HomeDigital EditionSys-Con RadioSearch Java Cd
Advanced Java AWT Book Reviews/Excerpts Client Server Corba Editorials Embedded Java Enterprise Java IDE's Industry Watch Integration Interviews Java Applet Java & Databases Java & Web Services Java Fundamentals Java Native Interface Java Servlets Java Beans J2ME Libraries .NET Object Orientation Observations/IMHO Product Reviews Scalability & Performance Security Server Side Source Code Straight Talking Swing Threads Using Java with others Wireless XML

One of the outstanding things about Java is that it facilitates building internationalized programs, programs that work in various languages and regions. Java has used Unicode as its internal character set since version 1.0. In Java 1.1 another important feature was introduced - an internationalization API.

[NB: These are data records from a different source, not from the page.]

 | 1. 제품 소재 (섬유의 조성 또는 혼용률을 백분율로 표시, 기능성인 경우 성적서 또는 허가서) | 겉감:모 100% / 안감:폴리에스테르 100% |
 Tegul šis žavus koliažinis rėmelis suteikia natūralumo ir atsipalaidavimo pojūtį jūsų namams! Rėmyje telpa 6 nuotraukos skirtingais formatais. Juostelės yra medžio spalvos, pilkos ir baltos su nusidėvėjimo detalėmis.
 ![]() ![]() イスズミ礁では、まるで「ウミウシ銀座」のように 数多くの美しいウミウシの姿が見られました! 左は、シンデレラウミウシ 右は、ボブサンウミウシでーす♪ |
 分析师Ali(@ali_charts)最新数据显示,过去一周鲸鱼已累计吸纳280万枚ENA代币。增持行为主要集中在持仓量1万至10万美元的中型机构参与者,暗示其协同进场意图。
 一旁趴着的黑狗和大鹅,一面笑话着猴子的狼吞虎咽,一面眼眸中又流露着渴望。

Although the Java Internationalization API generally provides well-designed, object-oriented ways to internationalize an application, it may be a misnomer to call it an API because it's not a single class or package. Rather it's a set of loosely related classes scattered throughout several different packages. The many features and the relationships between them can be overwhelming, especially when you're trying to do something relatively straightforward and standard.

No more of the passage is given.